Start With Understanding
Cancer treatment can be miserable and cause debilitating side effects. Depending on the stage and aggressiveness of the cancer, it may only add a couple months to your loved one’s life. Rather than jumping in with advice, begin with a conversation. All treatment decisions are up to the patient as long as he or she is able to make them. Understanding the motivation can help you support each other as you go forward.
As a caregiver, ask questions to ensure your loved one is making the decision based on a full understanding of the disease, treatment options, prognosis and desired quality of life, advises the American Cancer Society. Some things to talk about with your loved one include:
- Details of the diagnosis and proposed treatment options
- Possibility of remission
- Expected side effects of treatment and expected benefits
- Why he or she is refusing cancer treatment
You can also ask to visit the oncologist together. You want to ensure there’s a positive, supportive relationship between both. Prepare your own questions for the doctor about treatment options and what to expect as the disease progresses. As an article in The Oncologist describes, it’s often difficult for the physician to accept a refusal of treatment as well. Quality of life, however, doesn’t seem to be worse for people who don’t undergo conventional treatment.
If you feel your loved one is refusing treatment because of denial, or because of fear of undergoing treatment, talk to the oncologist. You may want to visit a counselor or support group together. If the refusal comes from fear, you may find that sitting in on a support group and listening to others who have gone through treatment can provide a different perspective. He or she can also ask questions related to specific fears and get answers from people who have been there.
Visit UVA Cancer Center
UVA Cancer Center has a range of support resources, from counselors to chaplains, to help you through the entire cancer journey. Learn More
Connect with Supportive Care
Your loved one may still refuse treatment, in which case the conversation needs to shift from conventional treatment to supportive care. Talk with the oncologist sooner, not later, about hospice and palliative care. Also, talk to your love one about his or her values and wishes.

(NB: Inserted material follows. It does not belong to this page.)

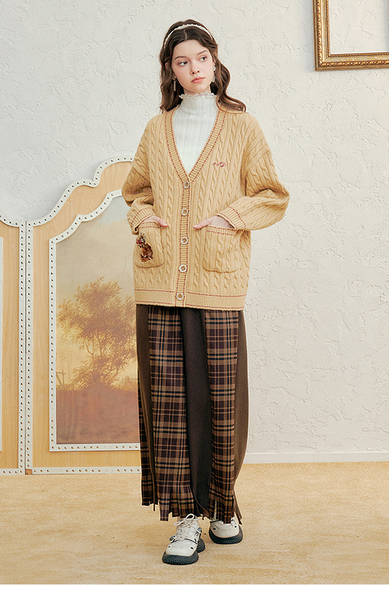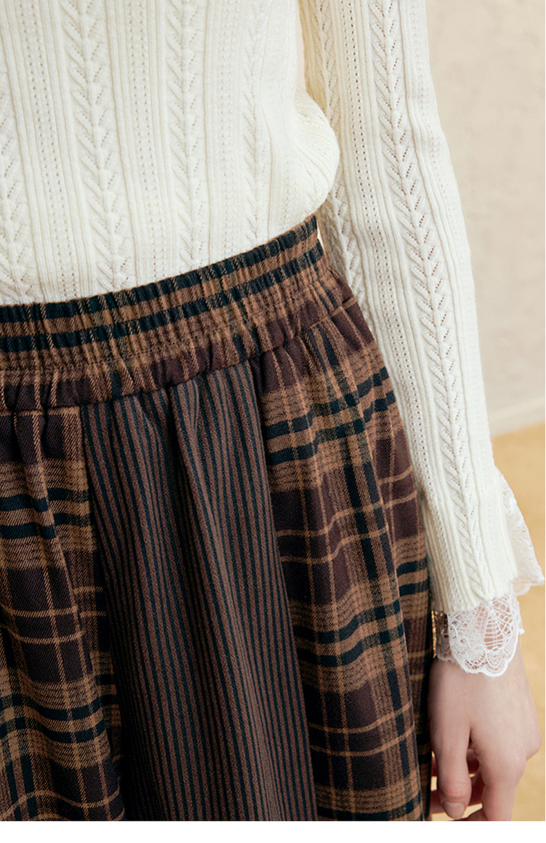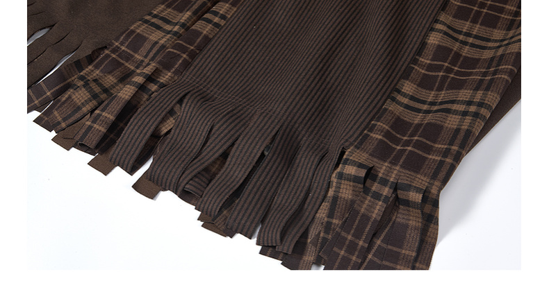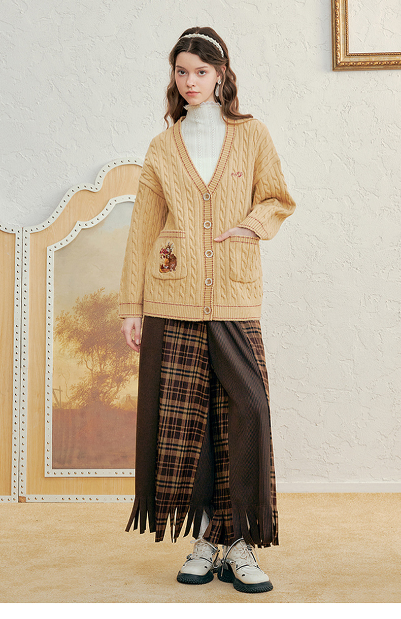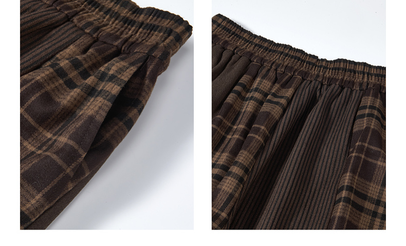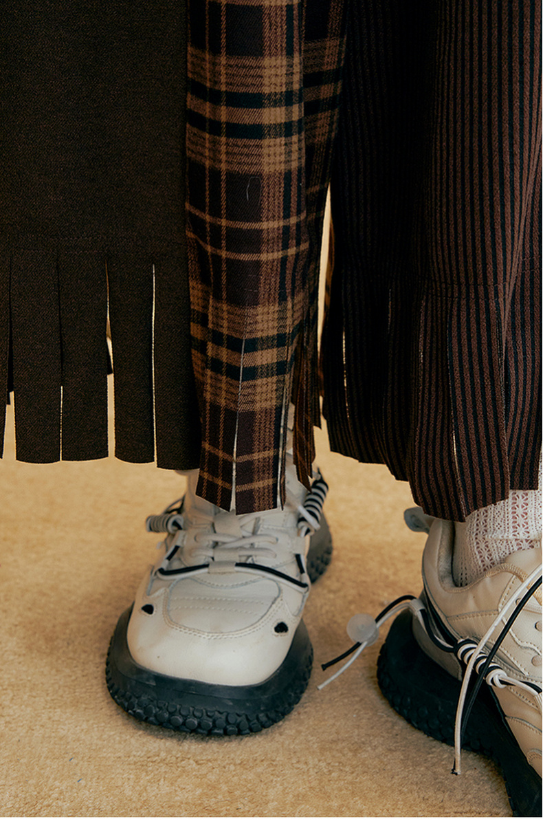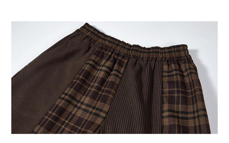 两三事格物求知2025春季新款时尚流苏裤脚口格子阔腿休闲裤女宽松

Palliative care focuses on quality life by managing pain, nausea and other symptoms, regardless of prognosis. Hospice provides palliative care to terminally ill patients and is covered by Medicare for people expected to live six months or fewer. Hospice can be delivered at home and empowers patients and caregivers to handle the disease at home. Many facilities also offer respite care, a time the patient can stay at the hospice house while you have a break. The National Cancer Institute reports that patients and families who receive hospice care have a higher quality of life, and research in JAMA Internal Medicine found that survivors have fewer symptoms of depression after the loss of a spouse when using hospice.
Although it’s difficult to accept the decision, your loved one ultimately gets to choose whether to receive treatment. It’s up to you to understand and eventually accept the decision to make the most of your time together. Reach out to a chaplain or social worker where your loved one is being treated if you would like learn more about support groups or counseling for caregivers.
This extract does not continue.